• **Exercise input**:
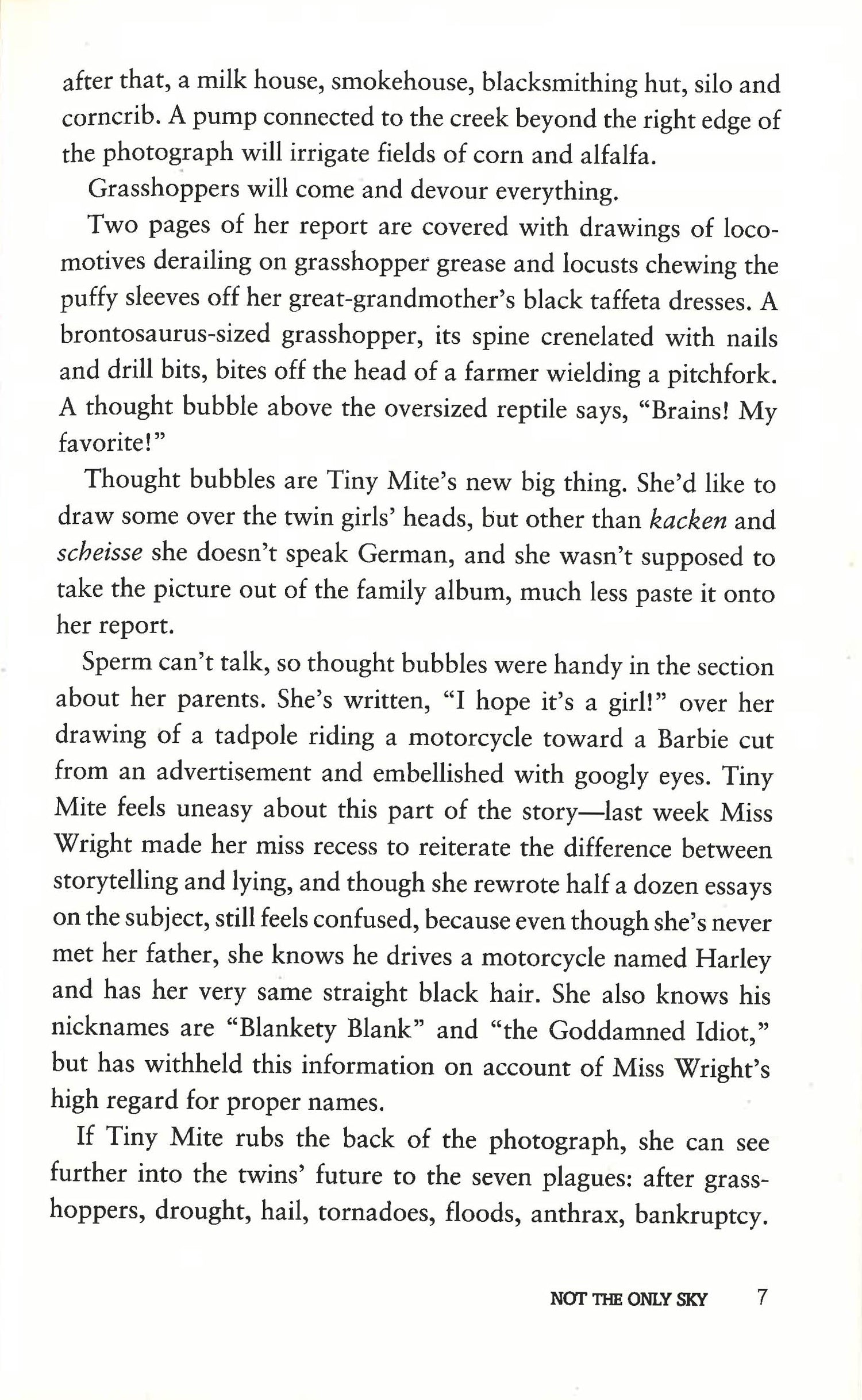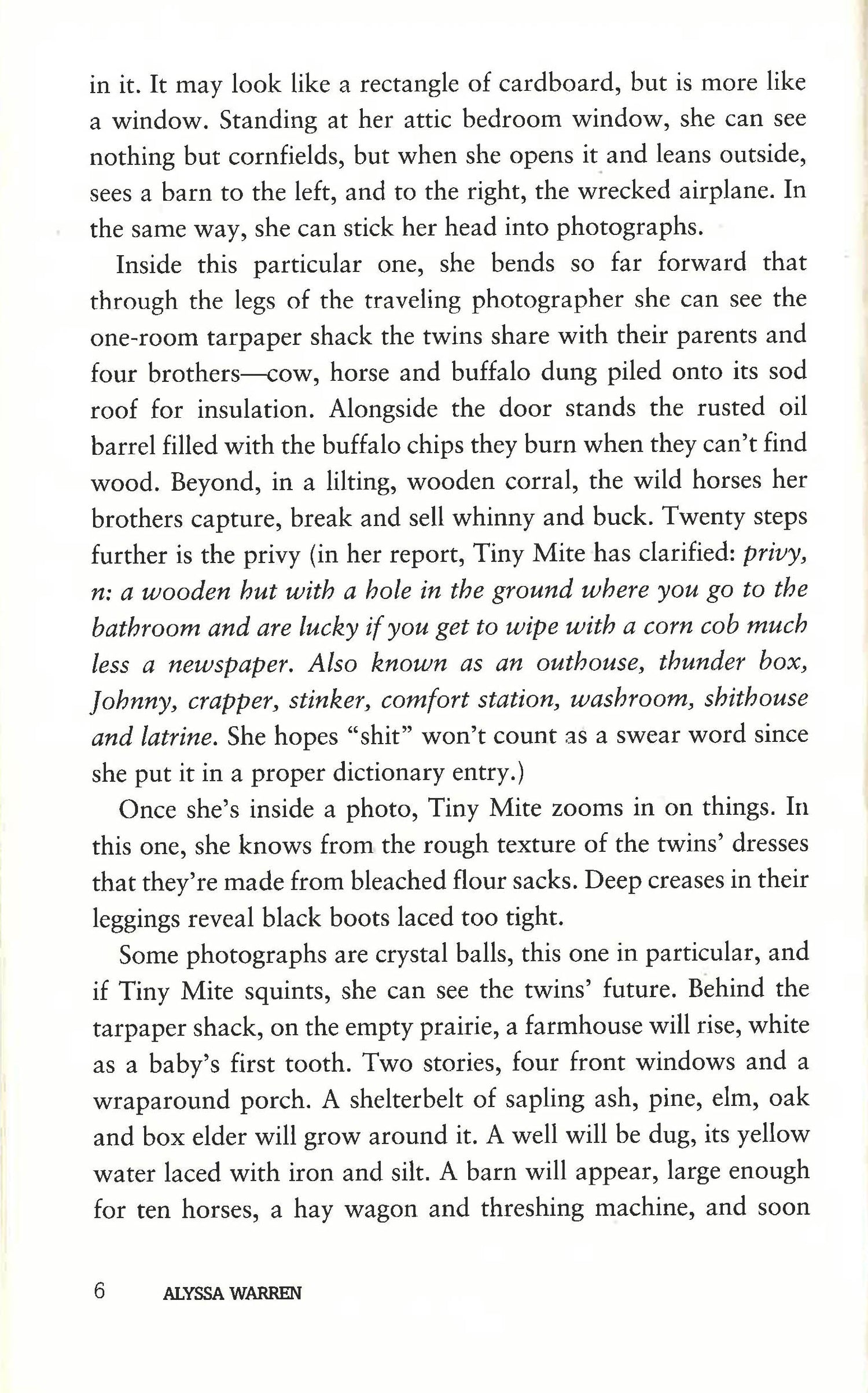 Wait. Patient. Now. Not long. Good girl. Wait here. Brave girl. Think of it as a vacation.' 'Back in a jiffy.' Big Bend, population 500, South Dakota, 1988. Eight-year-old Tiny Mite lives in a ramshackle farmhouse next to her grandfather's crashed airplane and the pine tree where she trains as a spy. Goddamn is her favourite word. Taking pictures with her camera made of aluminium foil and a tin can is her new big thing. She lives with Bee, her apocalypse-obsessed grandmother and Luvie, her hard-drinking great-aunt. And then there's her mother Velvet, beautiful and desperate, still in love with her high school boyfriend who she left to have a brief fling with Tiny Mite's absent father. One night, Tiny Mite hears a cry, but it's not what she imagines. And nothing will ever be the same. Six years later, Clea won't let anyone call her Tiny Mite anymore. Luvie has fallen in love with a pastor, and Bee's health is failing. Velvet is gone, and nobody except Bee, who can't bring herself to turn her back on her daughter, will even mention her name.Containing a wonderfully engaging and eccentric cast of characters who live long in the memory, this is the story of mothers and daughters, people bound by blood and geography, moments captured and lifetimes lost, and things never quite turning out as expected.
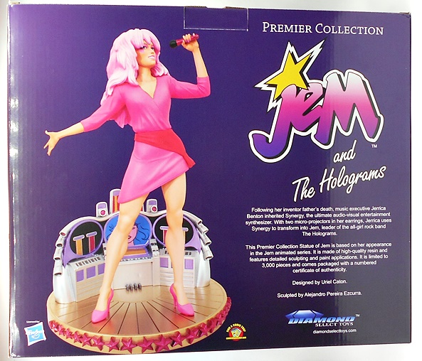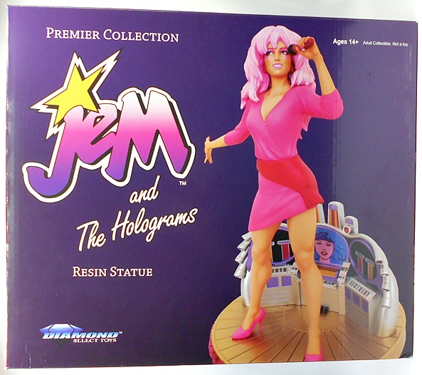 I have pretty nice, and mostly complete examples of Jem, Aja, and Kimber, but no Shayna. I also have a second Jem dressed as Jerrica. On the Misfits side of things, I have Pizzazz, Roxy, and Stormer. I have a complete boxed Star Stage and a complete Rockin Roadster, both of which still play the cassettes!. I’m really happy with this collection, and Shayna is the only doll I still actively search for at a decent price. Anyway, I’m always on the lookout for new Jem merch and needless to say I got all hot and bothered when I saw Diamond was doing Jem in their higher end Premier Collection statue line.
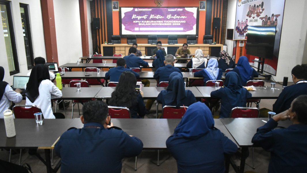 Tangerang – kab-tangerang.kpu.go.id - Komisi Pemilihan Umum (KPU) Kabupaten Tangerang menggelar rapat internal bersama jajaran sekretariat pada Selasa, 4 November 2025, bertempat di Aula Kantor KPU Kabupaten Tangerang. Kegiatan ini dipimpin langsung oleh Ketua KPU Kabupaten Tangerang, Muhamad Umar, dan diikuti oleh para komisioner, sekretaris, serta seluruh jajaran subbagian di lingkungan sekretariat.
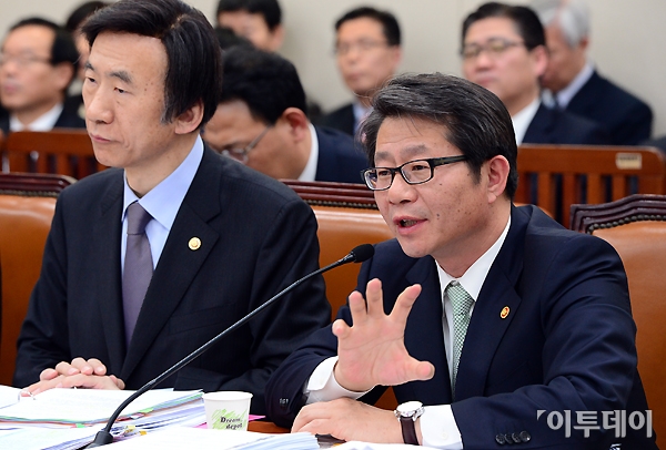 류길재 통일부 장관이 17일 오전 국회 외교통일위원회 전체회의에서 의원들의 질의에 답하고 있다. 노진환 기자 myfixer@
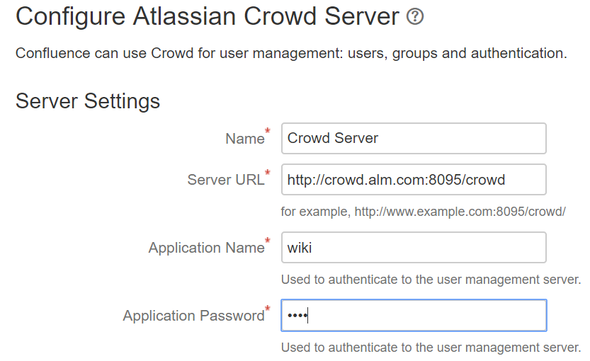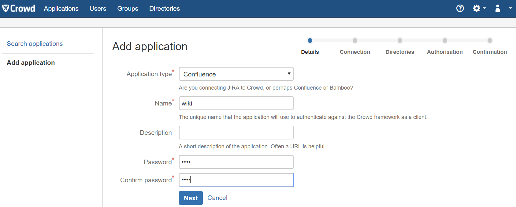 - Application Name 과 Password는 User Directory 와 crowd.properties 파일에 사용할 예정
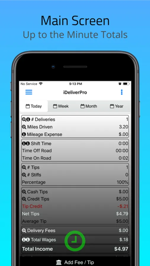 As you make your deliveries throughout the day, the main screen will update with every income category in real time.
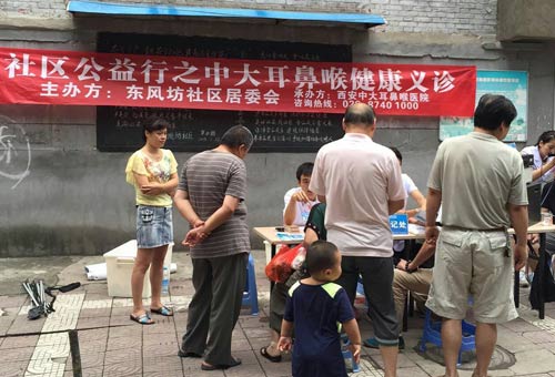 为提高社区广大群众对健康的认识,解答社区居民耳鼻喉方面的疾病疑惑,切实解决居民看病就医的实际问题。近日,西安中大耳鼻喉医院接到西安市新城区东元西路社区居委会、昌仁里社区居委会、东风坊社区居委会的邀请,接连在各社区举行了“社区公益行之中大耳鼻喉健康义诊”活动。
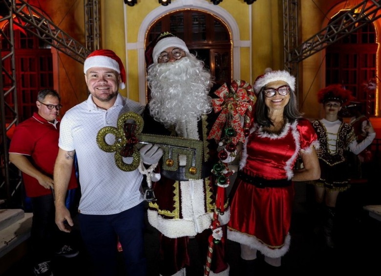 O Papai Noel chegou em grande estilo na Estação Ferroviária, embarcado no Tarifa Zero, e recebeu a chave da cidade do prefeito Marcelo Roque.

• **What to do**: If a record contains a picture, leave the picture out and return everything else exactly.

• **Answer to the exercise**:
 Wait. Patient. Now. Not long. Good girl. Wait here. Brave girl. Think of it as a vacation.' 'Back in a jiffy.' Big Bend, population 500, South Dakota, 1988. Eight-year-old Tiny Mite lives in a ramshackle farmhouse next to her grandfather's crashed airplane and the pine tree where she trains as a spy. Goddamn is her favourite word. Taking pictures with her camera made of aluminium foil and a tin can is her new big thing. She lives with Bee, her apocalypse-obsessed grandmother and Luvie, her hard-drinking great-aunt. And then there's her mother Velvet, beautiful and desperate, still in love with her high school boyfriend who she left to have a brief fling with Tiny Mite's absent father. One night, Tiny Mite hears a cry, but it's not what she imagines. And nothing will ever be the same. Six years later, Clea won't let anyone call her Tiny Mite anymore. Luvie has fallen in love with a pastor, and Bee's health is failing. Velvet is gone, and nobody except Bee, who can't bring herself to turn her back on her daughter, will even mention her name.Containing a wonderfully engaging and eccentric cast of characters who live long in the memory, this is the story of mothers and daughters, people bound by blood and geography, moments captured and lifetimes lost, and things never quite turning out as expected.
 I have pretty nice, and mostly complete examples of Jem, Aja, and Kimber, but no Shayna. I also have a second Jem dressed as Jerrica. On the Misfits side of things, I have Pizzazz, Roxy, and Stormer. I have a complete boxed Star Stage and a complete Rockin Roadster, both of which still play the cassettes!. I’m really happy with this collection, and Shayna is the only doll I still actively search for at a decent price. Anyway, I’m always on the lookout for new Jem merch and needless to say I got all hot and bothered when I saw Diamond was doing Jem in their higher end Premier Collection statue line.
 Tangerang – kab-tangerang.kpu.go.id - Komisi Pemilihan Umum (KPU) Kabupaten Tangerang menggelar rapat internal bersama jajaran sekretariat pada Selasa, 4 November 2025, bertempat di Aula Kantor KPU Kabupaten Tangerang. Kegiatan ini dipimpin langsung oleh Ketua KPU Kabupaten Tangerang, Muhamad Umar, dan diikuti oleh para komisioner, sekretaris, serta seluruh jajaran subbagian di lingkungan sekretariat.
 류길재 통일부 장관이 17일 오전 국회 외교통일위원회 전체회의에서 의원들의 질의에 답하고 있다. 노진환 기자 myfixer@
 - Application Name 과 Password는 User Directory 와 crowd.properties 파일에 사용할 예정
 As you make your deliveries throughout the day, the main screen will update with every income category in real time.
 为提高社区广大群众对健康的认识,解答社区居民耳鼻喉方面的疾病疑惑,切实解决居民看病就医的实际问题。近日,西安中大耳鼻喉医院接到西安市新城区东元西路社区居委会、昌仁里社区居委会、东风坊社区居委会的邀请,接连在各社区举行了“社区公益行之中大耳鼻喉健康义诊”活动。
 O Papai Noel chegou em grande estilo na Estação Ferroviária, embarcado no Tarifa Zero, e recebeu a chave da cidade do prefeito Marcelo Roque.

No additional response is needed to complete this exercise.